One also can use the position of the stars for measuring time. The system is the same as that used for the Sun, since the Sun itself is a star. All other stars also rise and set on a regular basis. Time systems based on the movement of one or more stars are known as sidereal time (pronounced seye-DEER-ee-uhl).
Although any one of these systems is a satisfactory method for measuring some unit of time, such as a day or a month, the systems may conflict with each other. It is not possible, for example, to fit 365 solar days into 12 or 13 lunar months exactly. This problem creates the need for leap years, leap centuries, and other adjustments developed to keep calendars consistent with each other. Adjustments in time-keeping systems also are necessary to correct for the fact that any natural motion—such as that of the Sun or the Moon—changes very slowly over long periods of time.
Atomic clock: A device for keeping time based on natural oscillations within atoms.
Leap time: Any adjustment made in clocks and/or calendars in order to keep them consistent with the natural event used for time measurement.
Lunar time: Any system of time measurement based on the motion of the Moon.
Sidereal time: Any system of time measurement based on the motion of the stars.
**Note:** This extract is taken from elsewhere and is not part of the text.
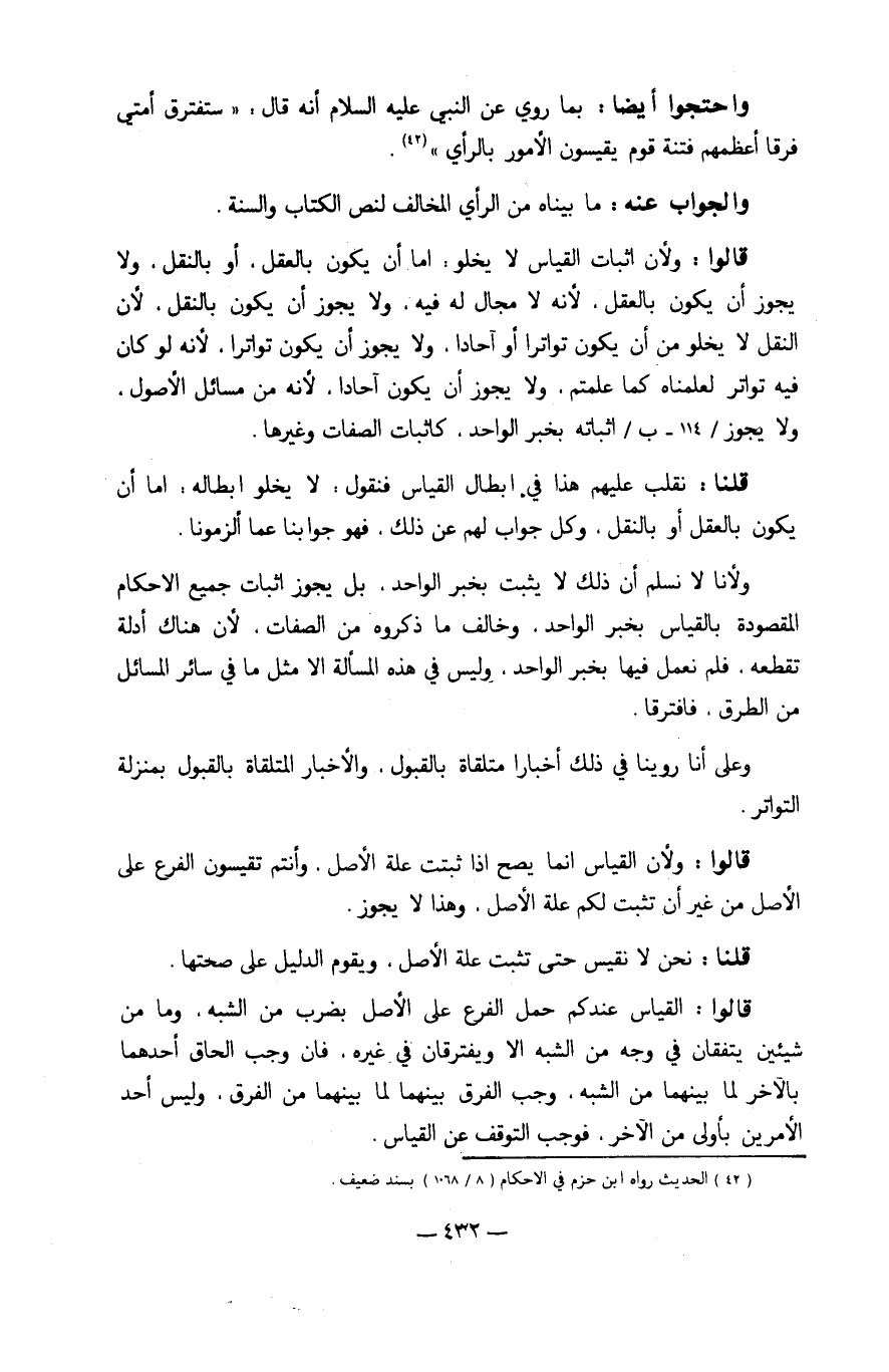 قَالُوا وَلِأَن إِثْبَات الْقيَاس لَا يَخْلُو إِمَّا أَن يكون بِالْعقلِ أَو بِالنَّقْلِ وَلَا يجوز أَن يكون بِالْعقلِ لِأَنَّهُ لَا مجَال لَهُ فِيهِ وَلَا يجوز أَن يكون بِالنَّقْلِ لِأَن النَّقْل لَا يَخْلُو من أَن يكون تواترا أَو آحادا وَلَا يجوز أَن يكون تواترا لِأَنَّهُ لَو كَانَ فِيهِ تَوَاتر لعلمناه كَمَا علمْتُم وَلَا يجوز أَن يكون آحادا لِأَنَّهُ من مسَائِل الْأُصُول وَلَا يجوز إثْبَاته بِخَبَر الْوَاحِد كإثبات الصِّفَات وَغَيرهَا
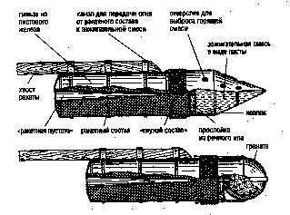 Ракеты Засядко состояли из трех частей: цилиндрической железной гильзы (она набивалась пороховым «ракетным» составом), колпака (наполненного зажигательной смесью в виде пасты) и деревянного хвоста, обеспечивающего устойчивость в полете. В фугасных ракетах вместо зажигательного колпака к гильзе прикреплялась разрывная граната. В ракетном заряде на три четверти длины высверливался канал конической формы, называемый «ракетной пустотой»; оставшуюся часть заряда называли «глухим составом.» Пороховой состав воспламенялся от прикрепленного к нему «стопина» – хлопчатобумажных прядей, пропитанных селитрой и покрытых с помощью клея пороховой мякотью. В свою очередь, стопин зажигали фитилем.

Solar time: Any system of time measurement based on the motion of the Sun.
Time reversal: The hypothesis that it may be possible to go backward in time.
The standard of time used throughout the world today is no longer an astronomical event, but an atomic event. All atoms oscillate (vibrate back and forth) in a highly regular pattern. In a sense, this vibration is similar to the oscillation of a pendulum in a grandfather clock. The main difference is that atoms oscillate much more rapidly than do the pendulums in clocks.
In 1967, the Thirteenth General Conference on Weights and Measures decided to define a new unit of time. The Conference announced that one second would be defined as the time it takes for an atom of cesium-133 to oscillate 9, 192, 631, 770 times.
An atomic clock, like that made of cesium-133, is preferred to older methods of measuring time based on astronomical events because it is much more accurate. The best cesium clock would be in error by 1 second no more often than once every 6,000 years.
One of the intriguing questions about time is whether it can move in two directions—forward and backward. At first thought, it would appear that time can only go forward. Science fiction stories have been written about time machines, devices for allowing people to go back into history. But thus far, no such machine has actually been built.
Yet some scientists believe that going backward in time—time reversal—may actually be possible. For more than 40 years, experiments have been conducted to see whether certain kinds of physical processes can be made to go in reverse. If that result could be obtained, it would provide some reason to believe that time reversal really is possible. At this point, however, no experiment has produced that kind of result.